Edmonton Journal Edmonton, Alberta, Canada Wednesday, July 05, 1972 - Page 4
Dangerous Sport
Chess has hit the headlines, just like riots and warfare — which it increasingly resembles.
As Bobby Fischer and Boris Spassky posture, maneuver and vituperate in terms reminiscent of international political exchanges at the height of the cold war, the Western public is somewhat startled by the plethora of unaccustomed news bulletins tracking the tumultuous course of events. (In the Soviet Union chess has long been big news, but perhaps not for quite the same reasons as present.)
Those unacquainted with the world of serious competitive chess have tended to cherish an image of the chess player as a kindly relaxed old boy, not given to much verbal self-expression, but puffing placidly upon his friendly pipe while satisfyingly sunk in profound meditation. They picture him — like the angler — as being of a contemplative and philosophic turn of mind, and breaking his impressive silences only to utter occasional phrases of deep and affecting wisdom and significance.

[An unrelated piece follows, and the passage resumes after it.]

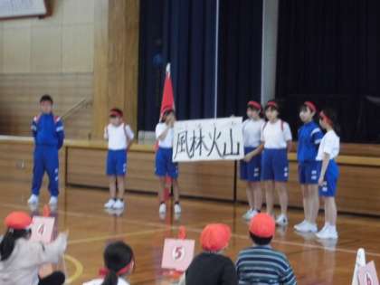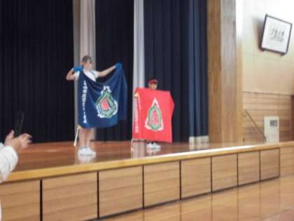 運動会は、赤青の2つの団に分かれて戦います。今日は、結団式を行いました。校長先生から2人の団長に団旗が手渡されました。

They are, of course, wholly mistaken. Competitive chess players—even those who only play for what is somewhat optimistically described as the love of the game—are notoriously articulate and are frequently disputative to the point of litigation and cantankerous. Now that chess has supplanted politics as the staple of East-West exchanges, there is no reason to assume this involves a lowering of temperatures or a diminution in invective. Nor, if Mr. Fischer has his way, will it seemingly entail even a reduction in the financial burdens involved.

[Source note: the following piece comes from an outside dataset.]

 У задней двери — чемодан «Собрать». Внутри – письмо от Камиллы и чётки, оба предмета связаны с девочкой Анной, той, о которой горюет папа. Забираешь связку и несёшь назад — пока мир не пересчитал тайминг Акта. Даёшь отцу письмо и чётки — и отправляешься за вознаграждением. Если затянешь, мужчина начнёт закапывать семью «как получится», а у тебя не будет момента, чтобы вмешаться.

Nobody should be surprised that chess, though more sedentary, is just as aggressive and combative as other sports.
Scenes and law suits have long been commonplace in tennis, swimming, golf and other pursuits once thought genteel and likely to contribute to goodwill and contentment.

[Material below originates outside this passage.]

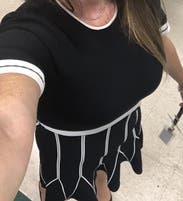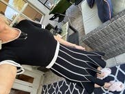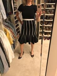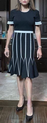 Length is great for work. The bottom adds a little fun to the black dress. White lines on skirt are flattering. No zipper so hard to take on and off with make up and deodorant but other than that it's a great dress!!

Hundreds of years of experience with institutions like the Olympic Games and international sporting competitions should have left no one in doubt that sport is second only to war—which it seems often quite likely to precipitate—as a force for destruction in human relations.
One shudders to think what the effect will be when, later this year, Canada and Russia confront each other on the hockey rink instead of in the chambers of diplomacy.